Woody’s Crew Wins Best Jambalaya on Beach

Team Woody’s takes first place in the second annual Jambalaya Cook-off benefiting Habitat for Humanity.

With purple, green and gold beads and masks strung among trees and festive booths, the Cruz Bay beachfront looked like a Mardi Gras party on Sunday afternoon, December 16.

Tourists and residents alike came out to support the Second Annual Love City Beach Bash and Jambalaya Cook-off to support the local Habitat For Humanity chapter while having some fun in the sun.


Tents lined Cruz Bay Beach.

The brain-child of Dreams and Dragonflies owner Jodi Ray, the event was first held last October to support victims of Hurricane Katrina, and was revived this year due to popular demand, Ray explained.

Back by Popular Demand
“I actually hadn’t thought of doing the party again this year, but everyone kept coming by the shop and asking me when the cook-off was going to be,” said Ray.
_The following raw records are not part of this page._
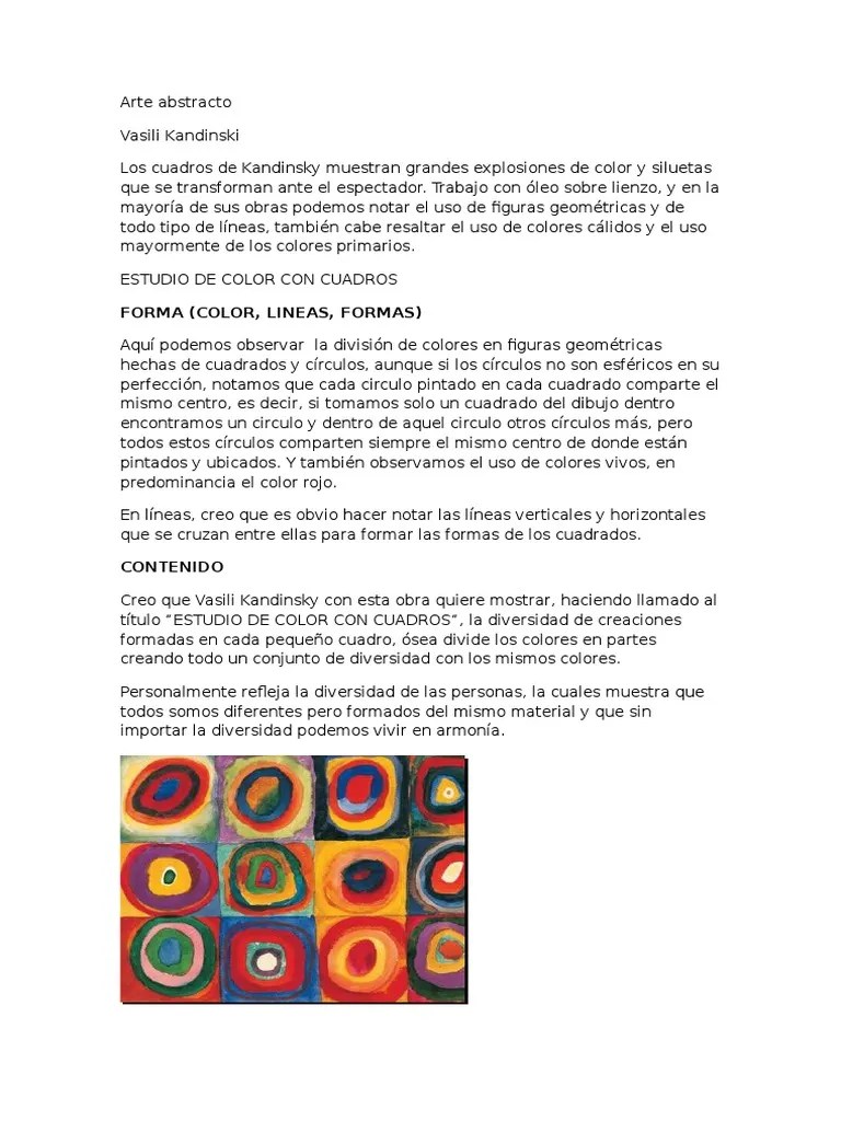 En un bello ejercicio de abstracción, el visionario pintor ruso describió el sonido de cada uno de los colores…... Corta los cuadrados con una tijera y pégalos todos para crear un hermoso mural estilo kandinsky. Ver calidad de este cuadro. Aquí «agudo» se refiere al ángulo.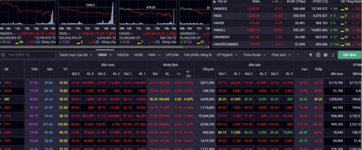 | VN-Index giảm một mạch từ ngưỡng 1.270 xuống ngưỡng 1.255 trong ngày cuối tuần và đóng cửa tại mốc 1.254 điểm. Độ rộng thị trường nghiêng về phía tiêu cực với 16/18 ngành giảm điểm, trong đó cổ phiếu bảo hiểm, bán lẻ, dịch vụ tài chính dẫn đầu đà giảm. |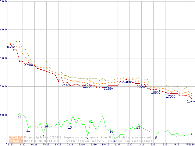 WD Caviar(Special Edition) (7200rpm,UltraATA/100,8MB)の最安値推移

As party-goers enjoyed tasty jambalaya, etouffee and gumbo, not to mention the popular bloody mary booth, chefs eagerly awaited news of the winning dish.

While last year’s winners Craig Sullivan and Suzanne Shlessinger — who currently offer the popular Mexican night on Tuesdays and Thursdays at The Inn at Tamarind Court — tried to reclaim their title of best Jambalaya on the beach, newcomers from Woody’s Seafood Saloon, High Tide and Patsy’s at Compass Point Marina, gave them a run for their money.

Serious Judging Time
It was all business as the four judges — St. John Tradewinds advertising manager Jani Hamilton Mooney, island newcomer Anna Spiegel, Loretto Kraft, a veteran chef who currently works at Shipwreck Landing, and yours truly — were seques-tered in an upper-floor apartment at Wharf-side Village to taste the five dishes, three of which were jambalaya concoctions.

Each of the dishes was coded so the judges did not know which booth was behind which dish.   

The judges also tasted a lobster etouffee and a gumbo dish created by Hide Tide, which won their respective categories for non-jambalaya dishes.

Etouffee — which literally means cooked down according to Kraft who apprenticed at renowned Louisiana restaurant La Provence — was a succulent and light offering with large pieces of fresh lobster.

After serious consideration and discussion, the judges reached a unanimous decision and it was the “loop-de-loop” or “fish” code that was crowned the winning jambalaya of the day.

Spicy, Smokey, Juicy
Although the competition was fierce, the judges went with a traditional spicy, smokey, and juicy rendition of the dish which derived its name from “jamming everything up together,” according to Kraft.

The codes were revealed and at the end of the day top honors went to the crew from Woody’s, led by Seamus Mulcare, owner of St. John Cakes and cake baker for his wife’s enterprise Cere-monies of St. John. The first place finishers won a $100 dinner for two at The Balcony on Cruz Bay.

Second place went to last year’s winners Sullivan and Shlessinger, who took home a $50 lunch for two at The Balcony, and Patsy’s crew took third in the competition and won sunset drinks at The Balcony.

Love at First Bite
Mulcare, a chef since 1984, has been perfecting his jambalaya recipe since 1999.

“I know jambalaya because my family went to New Orleans in 1999 and I loved the dish,” said Mulcare. “I tried it everyplace I could and then when I got home I tried cooking it for myself.”

While the dish came together in about an hour on the day of the cook-off, hours of preparation went into smoking sausage and chicken legs and making his own stock.

“The best part was that it was all for a good cause,” said Mulcare.

Raffle Tickets Available
For anyone who missed the festivities, raffle tickets are available at Dreams and Dragon Flies at Wharfside Village until January 15. Tickets are $5 each or buy a book of 11 tickets for $50 for a chance to win a two-night stay at The Ritz Carlton St. Thomas, a two-night stay at the Marriott Frenchman’s Reef or a two-night stay at Gallows Point Resort.

Ray was still adding up the total amount of money raised for Habitat For Humanity, but a very preliminary net gain total was around $4,500, she explain-ed. The final figure will not be determined until all of the raffle tickets are sold.

Although the talk about next year’s cook-off has already begun, Ray is enjoying some much-deserved down-time.
“A third annual party next year?” said Ray. “Everyone else seems to be expecting one, but we’ll talk about that at a later date.”